■ What this task involves
From the first line to the last, repeat the data exactly but leave out the pictures.

■ Recorded data

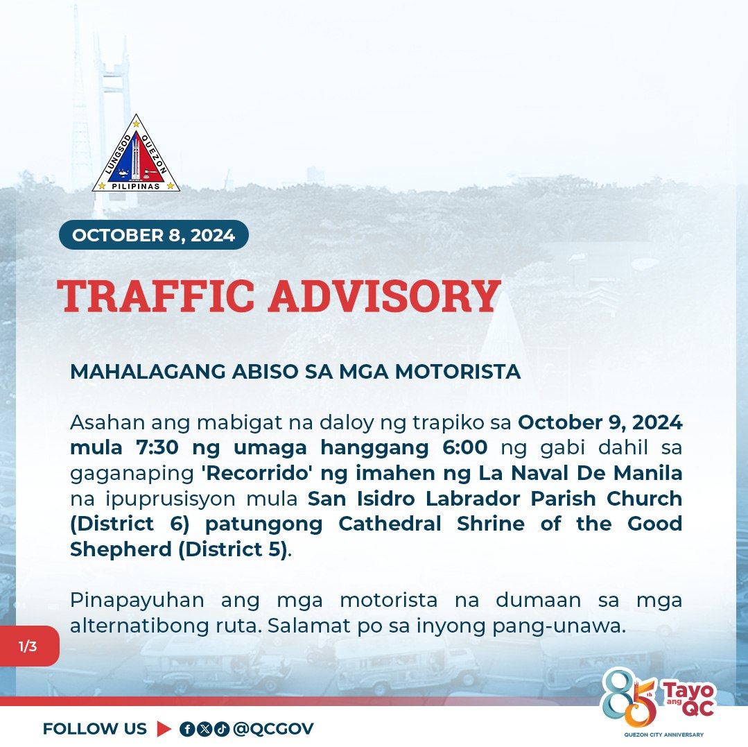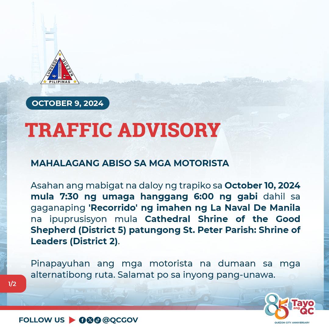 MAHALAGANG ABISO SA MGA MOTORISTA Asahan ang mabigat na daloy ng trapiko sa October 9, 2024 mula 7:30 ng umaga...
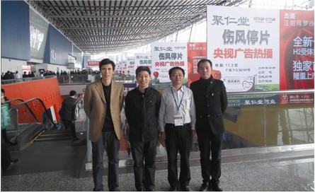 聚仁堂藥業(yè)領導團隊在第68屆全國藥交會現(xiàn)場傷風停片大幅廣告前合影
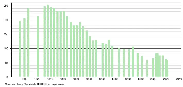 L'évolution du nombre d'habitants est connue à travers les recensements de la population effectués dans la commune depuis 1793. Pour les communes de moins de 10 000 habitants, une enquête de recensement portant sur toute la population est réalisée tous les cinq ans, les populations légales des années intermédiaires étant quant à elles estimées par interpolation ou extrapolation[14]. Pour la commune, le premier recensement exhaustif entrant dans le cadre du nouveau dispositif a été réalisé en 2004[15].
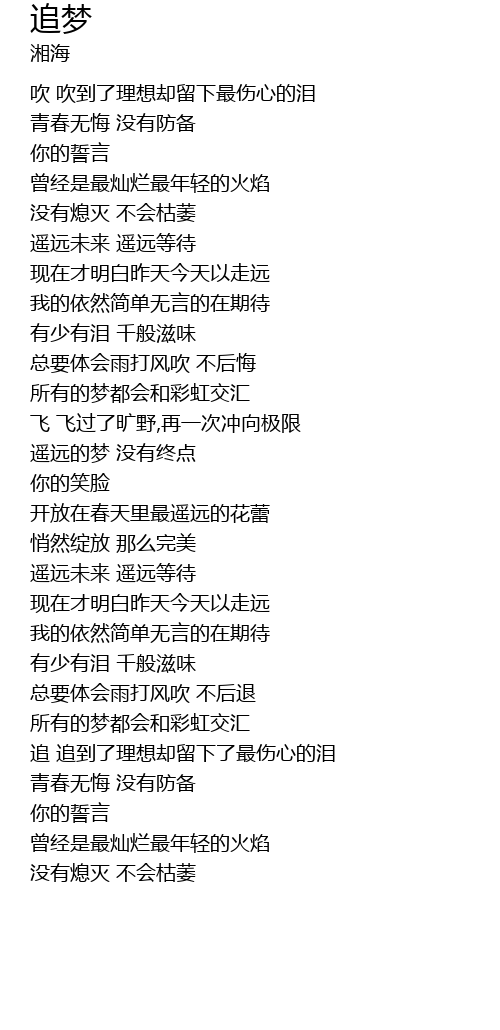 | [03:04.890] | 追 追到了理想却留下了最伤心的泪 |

■ Written response
 MAHALAGANG ABISO SA MGA MOTORISTA Asahan ang mabigat na daloy ng trapiko sa October 9, 2024 mula 7:30 ng umaga...
 聚仁堂藥業(yè)領導團隊在第68屆全國藥交會現(xiàn)場傷風停片大幅廣告前合影
 L'évolution du nombre d'habitants est connue à travers les recensements de la population effectués dans la commune depuis 1793. Pour les communes de moins de 10 000 habitants, une enquête de recensement portant sur toute la population est réalisée tous les cinq ans, les populations légales des années intermédiaires étant quant à elles estimées par interpolation ou extrapolation[14]. Pour la commune, le premier recensement exhaustif entrant dans le cadre du nouveau dispositif a été réalisé en 2004[15].
 | [03:04.890] | 追 追到了理想却留下了最伤心的泪 |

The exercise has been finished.